* _WHAT IS EXPECTED_: Restate word for word only the lines running from the one with "Siswa kelas 1" to the end of the data, both ends included. Omit any pictures.
START SUPPLIED RECORDS
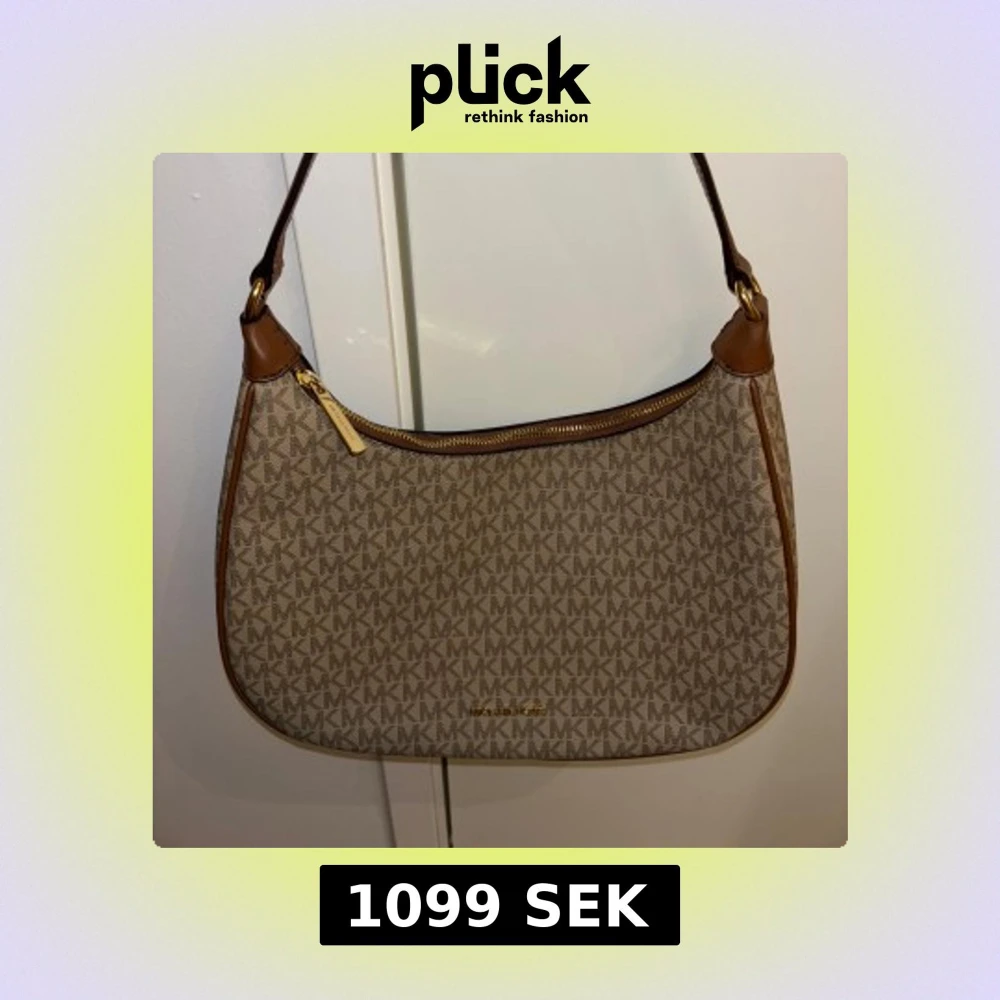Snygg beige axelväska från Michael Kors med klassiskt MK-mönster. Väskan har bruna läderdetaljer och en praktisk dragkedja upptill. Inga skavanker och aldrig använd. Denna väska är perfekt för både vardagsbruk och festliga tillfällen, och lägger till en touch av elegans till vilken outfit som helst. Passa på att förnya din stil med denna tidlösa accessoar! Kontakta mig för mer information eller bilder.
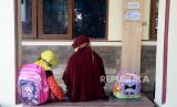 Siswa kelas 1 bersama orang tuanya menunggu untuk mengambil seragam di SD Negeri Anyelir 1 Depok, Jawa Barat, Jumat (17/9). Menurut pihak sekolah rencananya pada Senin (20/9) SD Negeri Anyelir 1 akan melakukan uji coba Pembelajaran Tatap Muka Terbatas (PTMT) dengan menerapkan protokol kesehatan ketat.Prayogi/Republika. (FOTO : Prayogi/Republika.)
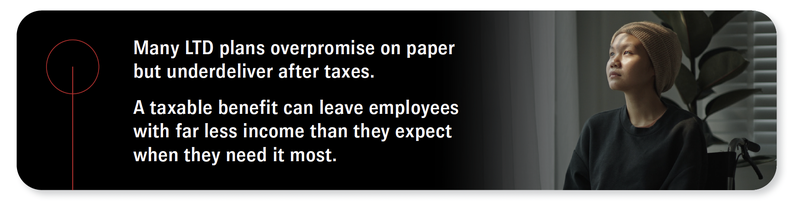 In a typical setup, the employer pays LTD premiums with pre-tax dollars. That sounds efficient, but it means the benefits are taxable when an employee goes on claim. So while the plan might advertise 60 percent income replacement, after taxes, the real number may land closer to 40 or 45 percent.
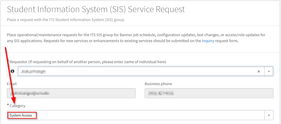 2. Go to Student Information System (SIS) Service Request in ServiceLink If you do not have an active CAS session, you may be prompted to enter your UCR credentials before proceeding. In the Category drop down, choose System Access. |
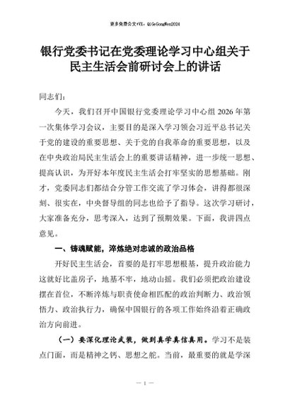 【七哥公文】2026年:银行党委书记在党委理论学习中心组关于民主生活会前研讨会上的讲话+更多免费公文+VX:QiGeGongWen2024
END SUPPLIED RECORDS
* _RESULT OF THIS TASK_:
 Siswa kelas 1 bersama orang tuanya menunggu untuk mengambil seragam di SD Negeri Anyelir 1 Depok, Jawa Barat, Jumat (17/9). Menurut pihak sekolah rencananya pada Senin (20/9) SD Negeri Anyelir 1 akan melakukan uji coba Pembelajaran Tatap Muka Terbatas (PTMT) dengan menerapkan protokol kesehatan ketat.Prayogi/Republika. (FOTO : Prayogi/Republika.)
 In a typical setup, the employer pays LTD premiums with pre-tax dollars. That sounds efficient, but it means the benefits are taxable when an employee goes on claim. So while the plan might advertise 60 percent income replacement, after taxes, the real number may land closer to 40 or 45 percent.
 2. Go to Student Information System (SIS) Service Request in ServiceLink If you do not have an active CAS session, you may be prompted to enter your UCR credentials before proceeding. In the Category drop down, choose System Access. |
 【七哥公文】2026年:银行党委书记在党委理论学习中心组关于民主生活会前研讨会上的讲话+更多免费公文+VX:QiGeGongWen2024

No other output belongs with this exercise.